Charles Ellicott Commentary
"And when ye shall come into the land, and shall have planted all manner of trees for food, then ye shall count the fruit thereof as their uncircumcision: three years shall they be as uncircumcised unto you; it shall not be eaten." — Leviticus 19:23 (ASV)
And when ye shall come. —Rather, And when ye be come, as the Authorised Version renders the same phrase in Leviticus 14:34.
This is one of four instances in Leviticus where a law was given prospectively, having no immediate bearing on the condition of the people of Israel (namely, Leviticus 14:34; Leviticus 19:23; Leviticus 23:10). Although all four enactments are introduced by the same phrase, they are translated in three different ways in the Authorised Version: When ye be come into the land, in Leviticus 14:34 and Leviticus 23:10; When ye shall come into the land, in Leviticus 19:23; and When ye come into the land, in Leviticus 25:2. This gives the impression that the phrases in the original were different in the various passages. In legislative formulas, it is important to render the same phraseology uniformly in a translation.
Shall have planted all manner of trees for food. —From this declaration, the administrators of the law during the Second Temple period inferred that trees planted by the inhabitants of Canaan before the Israelites took possession of it were exempt from this law, and that it only applies to fruit trees intended for food, such as citron trees, olive trees, fig trees, vines, etc.
Trees that bore fruit unfit for human food, which grew up by themselves, or which were planted for hedges or timber, did not come under this law.
Then ye shall count the fruit thereof as uncircumcised. —Literally, then shall you circumcise its uncircumcision, its fruit. This means that its uncircumcision, which the text itself explains as “its fruit,” is to be cut off or pinched off. The metaphorical use of circumcision is thus explained by the text itself: it denotes the fruit as disqualified or unfit. In Leviticus 26:41, the same metaphor is used for the heart that is stubborn or not ready to listen to Divine admonitions. And in other passages of Scripture, it is used with reference to lips (Exodus 6:12; Exodus 6:30) and ears (Jeremiah 6:10) that do not perform their proper functions.
Three years shall it be. —The cutting off of the fruit is to be repeated every year for three successive years. The produce of the first year, if allowed to grow on the trees, is both stunted and tasteless; moreover, plucking off the fruit or pinching off the blossom helps the trees thrive better and bear more abundantly afterwards.
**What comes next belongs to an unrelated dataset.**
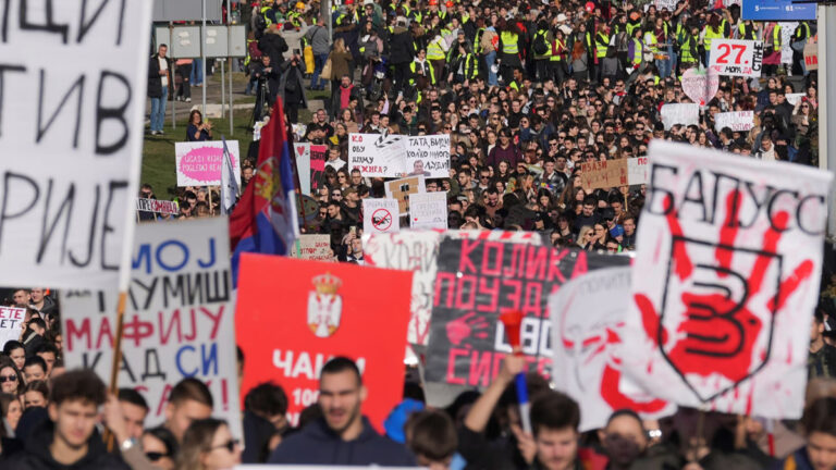 গত নভেম্বরে শহরের একটি রেলস্টেশনের ছাদ ধসে ১৫ জন নিহত হবার ঘটনায় সার্বিয়া জুড়ে এক বিশাল এবং টেকসই বিক্ষোভের সূত্রপাত করে ছাত্র-জনতা। ছবি: বিবিসি নিউজ।

Therefore, the Lawgiver enacts as law here what was a common practice among careful farmers from time immemorial, thus preventing greedy owners from acting in a way that would ultimately be to their own material harm.
It shall not be eaten. —According to the authorities in the time of Christ, this interdict extended to any and every advantage that could be derived from the first three years’ produce. The fruits were not to be sold, but were to be either burnt or buried in the ground; and if anyone ate as much as an olive, they received forty stripes save one.